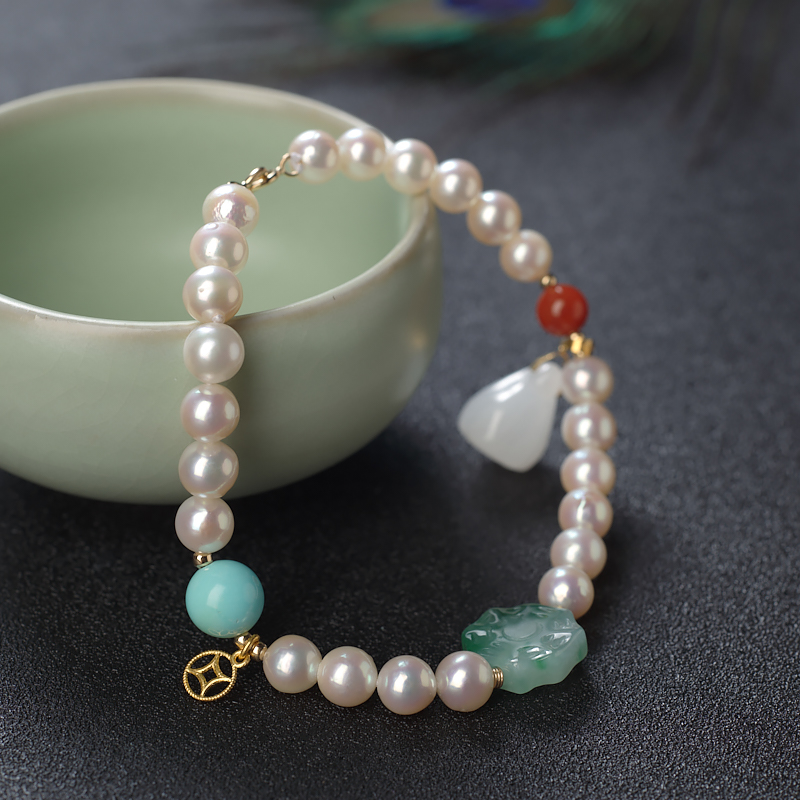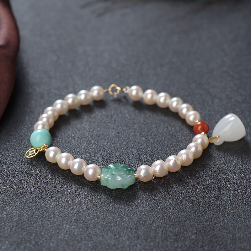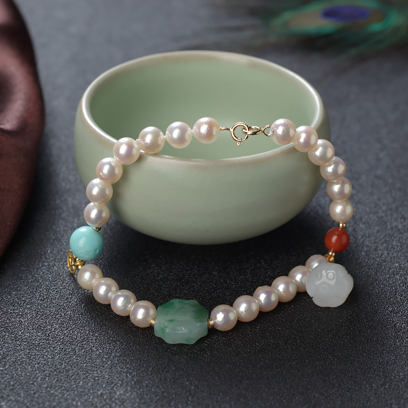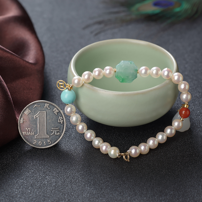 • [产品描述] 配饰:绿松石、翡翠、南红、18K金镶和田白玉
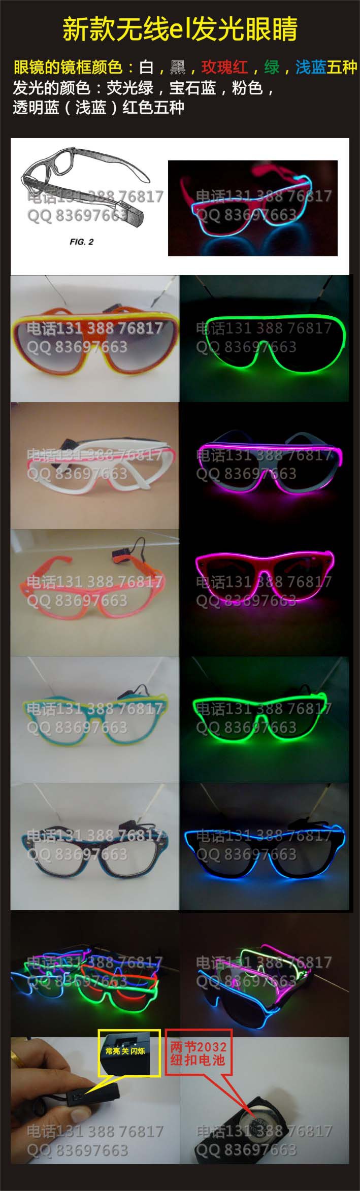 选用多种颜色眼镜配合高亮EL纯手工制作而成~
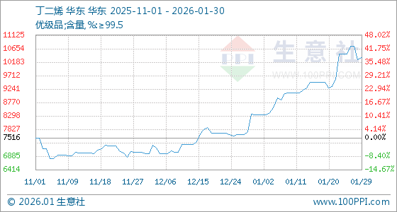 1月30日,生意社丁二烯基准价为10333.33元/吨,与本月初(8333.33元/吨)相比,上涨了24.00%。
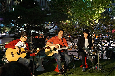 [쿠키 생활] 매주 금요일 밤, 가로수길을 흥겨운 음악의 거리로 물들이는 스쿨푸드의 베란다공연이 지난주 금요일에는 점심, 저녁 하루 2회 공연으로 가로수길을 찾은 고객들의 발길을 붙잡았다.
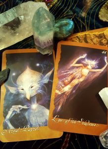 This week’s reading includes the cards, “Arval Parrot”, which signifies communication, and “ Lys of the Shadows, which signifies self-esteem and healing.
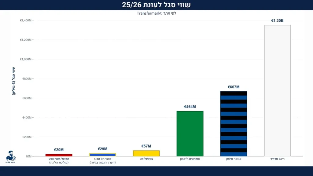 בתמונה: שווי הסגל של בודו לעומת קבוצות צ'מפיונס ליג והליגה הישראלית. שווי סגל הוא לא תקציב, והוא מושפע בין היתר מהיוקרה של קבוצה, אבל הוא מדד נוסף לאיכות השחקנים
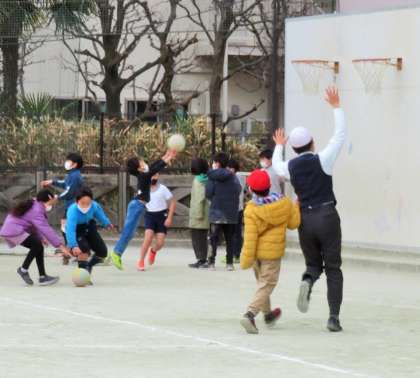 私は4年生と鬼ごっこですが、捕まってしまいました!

---

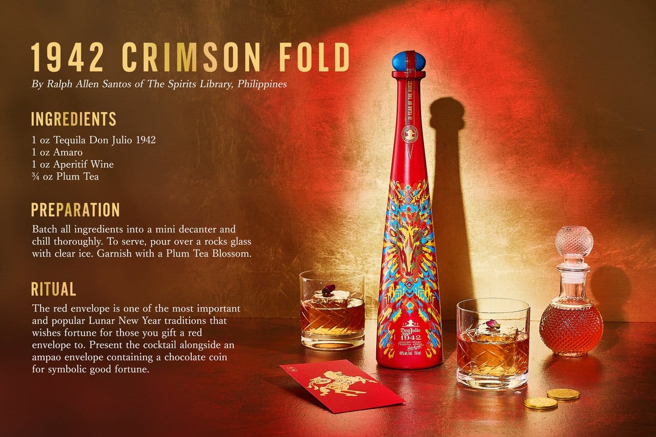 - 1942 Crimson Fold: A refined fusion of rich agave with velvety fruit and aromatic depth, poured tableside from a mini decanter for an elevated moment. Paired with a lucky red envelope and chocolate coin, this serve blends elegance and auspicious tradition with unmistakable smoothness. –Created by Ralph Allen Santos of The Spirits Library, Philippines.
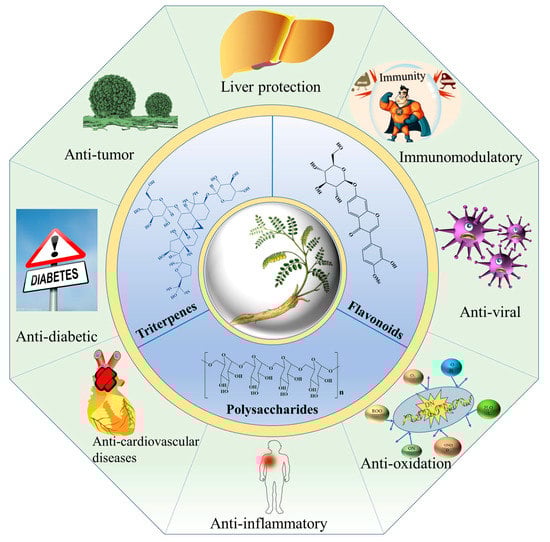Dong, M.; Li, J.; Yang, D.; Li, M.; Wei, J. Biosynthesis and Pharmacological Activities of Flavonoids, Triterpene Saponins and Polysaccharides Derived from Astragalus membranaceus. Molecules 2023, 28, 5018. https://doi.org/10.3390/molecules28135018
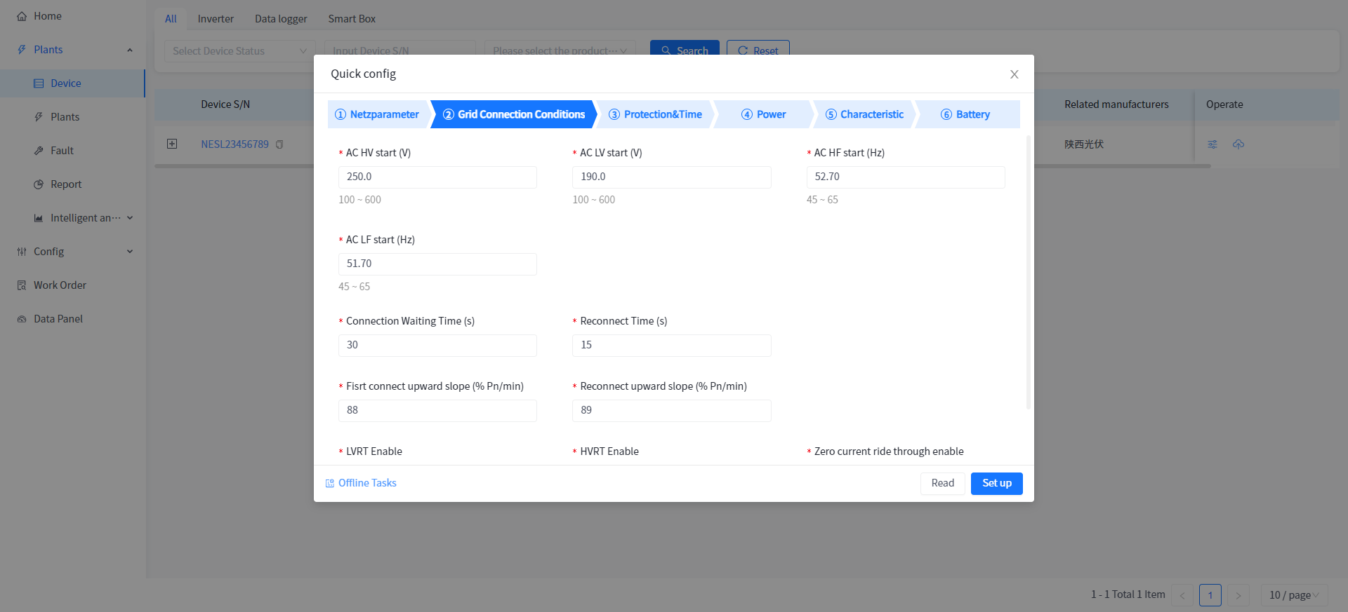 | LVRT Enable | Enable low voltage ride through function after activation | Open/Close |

Work to complete: Going by the entries above, repeat exactly the lines that start at the line with "בתמונה: שווי הסגל" and go on through the line with "私は4年生と鬼ごっこですが、捕まってしまいました!". Pictures are not part of the copy.

Written solution:
 בתמונה: שווי הסגל של בודו לעומת קבוצות צ'מפיונס ליג והליגה הישראלית. שווי סגל הוא לא תקציב, והוא מושפע בין היתר מהיוקרה של קבוצה, אבל הוא מדד נוסף לאיכות השחקנים
 私は4年生と鬼ごっこですが、捕まってしまいました!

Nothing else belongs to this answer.